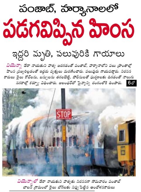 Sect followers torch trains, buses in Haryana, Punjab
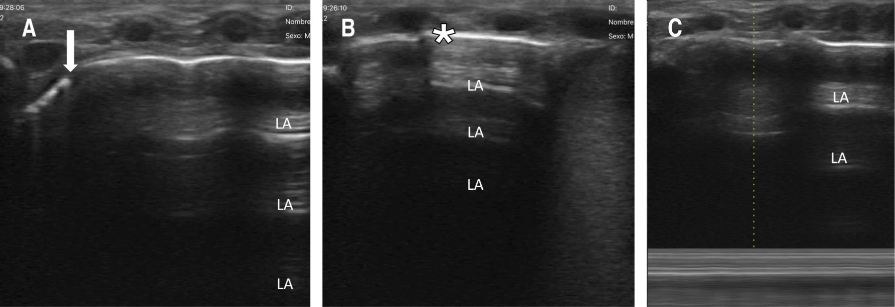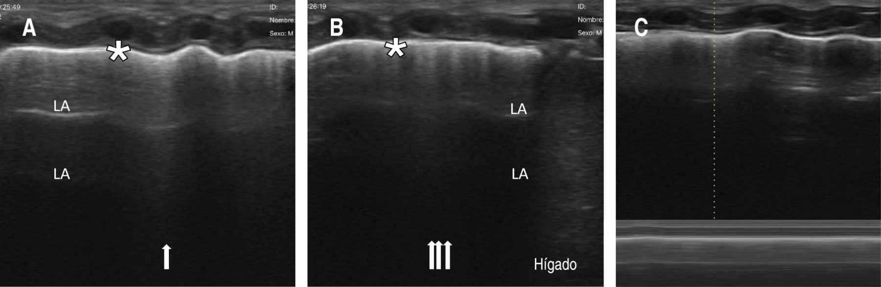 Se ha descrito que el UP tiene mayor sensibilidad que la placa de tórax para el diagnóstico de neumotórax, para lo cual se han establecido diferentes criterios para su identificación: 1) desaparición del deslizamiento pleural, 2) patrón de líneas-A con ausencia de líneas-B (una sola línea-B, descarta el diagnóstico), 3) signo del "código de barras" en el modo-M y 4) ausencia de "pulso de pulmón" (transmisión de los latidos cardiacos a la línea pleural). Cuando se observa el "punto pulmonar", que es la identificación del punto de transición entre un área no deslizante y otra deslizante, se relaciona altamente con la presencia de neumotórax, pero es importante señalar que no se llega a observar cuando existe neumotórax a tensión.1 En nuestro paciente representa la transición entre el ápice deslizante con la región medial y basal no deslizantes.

__________________________________________________

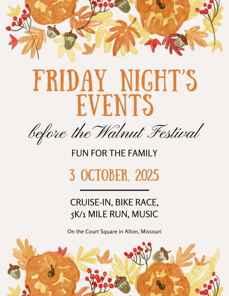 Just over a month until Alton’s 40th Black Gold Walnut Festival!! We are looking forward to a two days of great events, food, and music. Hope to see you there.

__________________________________________________

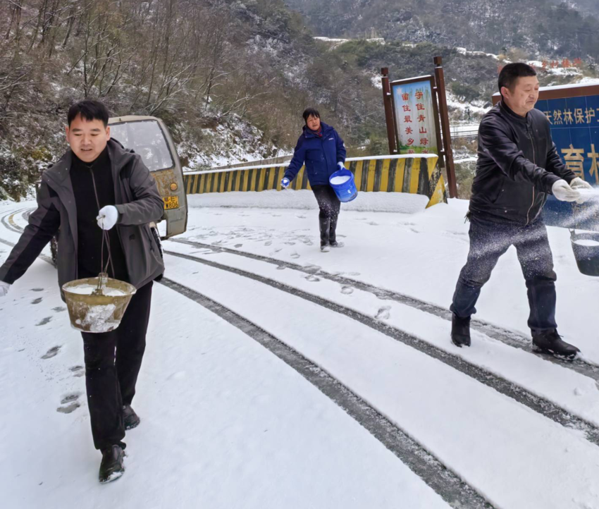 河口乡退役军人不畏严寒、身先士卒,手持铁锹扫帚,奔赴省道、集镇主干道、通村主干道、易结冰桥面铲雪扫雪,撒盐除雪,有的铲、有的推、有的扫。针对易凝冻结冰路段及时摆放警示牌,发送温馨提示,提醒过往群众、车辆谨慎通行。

__________________________________________________

ABOUT THIS TASK: Your answer must be the exact lines from the records above, from the one containing "Sect followers torch" through the one containing "Se ha descrito", both included, with every picture left out.

WRITTEN RESPONSE:
 Sect followers torch trains, buses in Haryana, Punjab
 Se ha descrito que el UP tiene mayor sensibilidad que la placa de tórax para el diagnóstico de neumotórax, para lo cual se han establecido diferentes criterios para su identificación: 1) desaparición del deslizamiento pleural, 2) patrón de líneas-A con ausencia de líneas-B (una sola línea-B, descarta el diagnóstico), 3) signo del "código de barras" en el modo-M y 4) ausencia de "pulso de pulmón" (transmisión de los latidos cardiacos a la línea pleural). Cuando se observa el "punto pulmonar", que es la identificación del punto de transición entre un área no deslizante y otra deslizante, se relaciona altamente con la presencia de neumotórax, pero es importante señalar que no se llega a observar cuando existe neumotórax a tensión.1 En nuestro paciente representa la transición entre el ápice deslizante con la región medial y basal no deslizantes.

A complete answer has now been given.